Imprisonment - Length of sentence - Violent disorder - Defendant involved in student protests over tuition fees

R v Gilmour: CA (Crim Div) (Lord Justice Hughes, Mr Justice Cranston, Mr Justice Hickinbottom): 28 October 2011

The defendant, aged 21, was an undergraduate. He was charged with violent disorder in respect of his conduct at a demonstration, in December 2010, against government proposals relating to the funding of further education.

The prosecution case was that the defendant had taken part in an attack on cars conveying the Prince of Wales, the Duchess of Cornwall and other persons to a public engagement. He could be seen on CCTV footage pressing against the cars and being knocked to the ground by escorting officers.

The defendant could also be seen on camera sitting on the bonnet of one of the escort cars. The prosecution further contended that the defendant had been one of a number of persons who had thrown a bin at the cars. CCTV footage of Oxford Street showed the defendant joining the attack on the windows of a shop.
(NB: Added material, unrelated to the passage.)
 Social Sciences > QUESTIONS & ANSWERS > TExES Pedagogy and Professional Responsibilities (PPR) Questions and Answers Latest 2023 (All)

He was seen to twice run up and kick the window, which had been attacked by other protesters. The combined effect caused the window to break. The defendant took a mannequin from the store and carried it away.

He could be seen still holding the mannequin while conducting a television interview. The defendant attempted to set fire to a bundle of newspapers against wooden doors of the Supreme Court. Shortly thereafter he was seen swinging on one of the flags of the cenotaph. There was evidence that the defendant, who had no previous convictions, had been under the influence of drink and drugs on the day in question. He pleaded guilty to violent disorder.
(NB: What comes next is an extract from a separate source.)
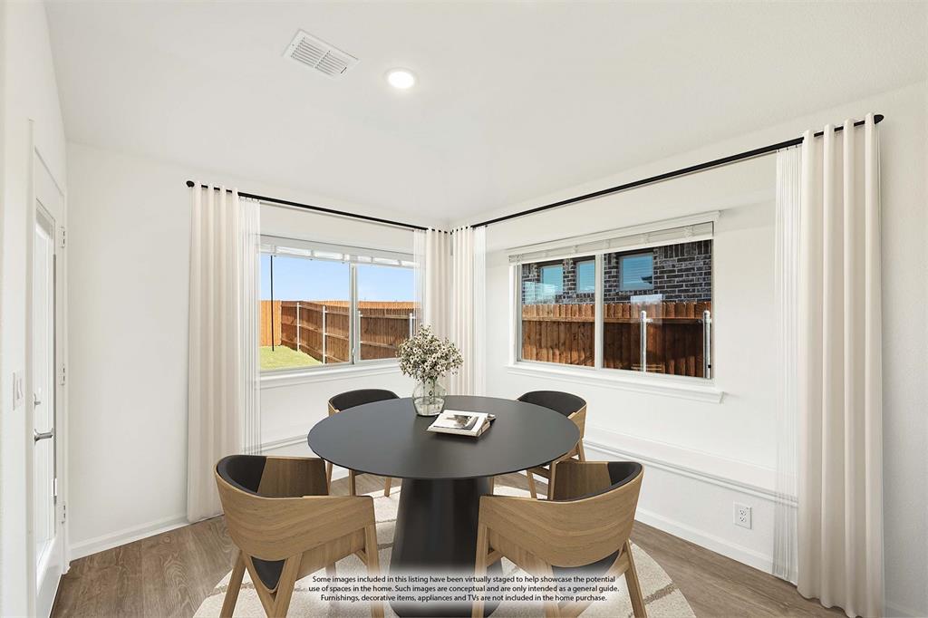NEW NEVER LIVED IN HOME! Ready NOW! Explore the sought-after Camellia floor plan by Bloomfield, a highlight of the Elements series. This welcoming residence features sleek modern finishes, wide hallways, and generous windows that flood every room with natural light. With 3 bedrooms and 2 bathrooms, the home is elegantly finished with a brick exterior and an 8' front door. Inside, you'll find gorgeous granite countertops in the kitchen and bathrooms, upgraded laminate flooring throughout common areas, and upgraded tile in baths. The contemporary kitchen showcases a wall of flat-panel cabinets, a spacious pantry, an upgraded backsplash, and an island ideal for barstools. Nearby, a charming dining nook with window seating enhances your dining experience. The Primary Suite offers a touch of luxury with a bathroom featuring a separate shower, garden tub, and walk-in closet. Additional features include blinds, gutters, and more. Visit Bloomfield at Eagle Glen today to see it for yourself!

The judge made findings of fact based mainly on still images and CCTV footage. The judge held that the defendant could not be identified simply by his features from the photographs as the bin thrower. The expert evidence was such that he could not be excluded as the person who had thrown the bin. The defendant was sentenced to 16 months’ imprisonment. He applied for leave to appeal against sentence. He submitted that the sentence was manifestly excessive in all the circumstances. The application would be dismissed.

It was settled that the law protected the right of people to demonstrate. To do so in large numbers in public carried clear responsibilities, principally among them to act without disorder or violence which put the public at risk. It was an unavoidable feature of mass disorder that each individual act, whatever might be its character taken on its own, inflamed and encouraged others to behave similarly, and that the harm done to the public stemmed from the combined effect of what was done en masse. The authorities recommended a starting point of 27 months for violent disorder (see [16] of the judgment).

In the instant case, the judge had to have taken a starting point for the sentence well below that contemplated in the authorities. Violence in the instant context and of the kind displayed by the defendant could not normally be met by other than significant sentences of immediate custody even for those of otherwise good character. Violent disorder carried a maximum of five years’ imprisonment.

A sentence in the region of 20-21 months’ imprisonment after trial, correctly took account both of the defendant’s serious and dangerous acts in the inflammatory context and of his normal character. It was a penalty which properly met the facts of the case. The sentence was not arguably manifestly excessive or wrong in principle (see [17] of the judgment).

David Spens QC (instructed by Corker Binning) for the defendant; Duncan Penny (instructed by the Crown Prosecution Service) for the Crown.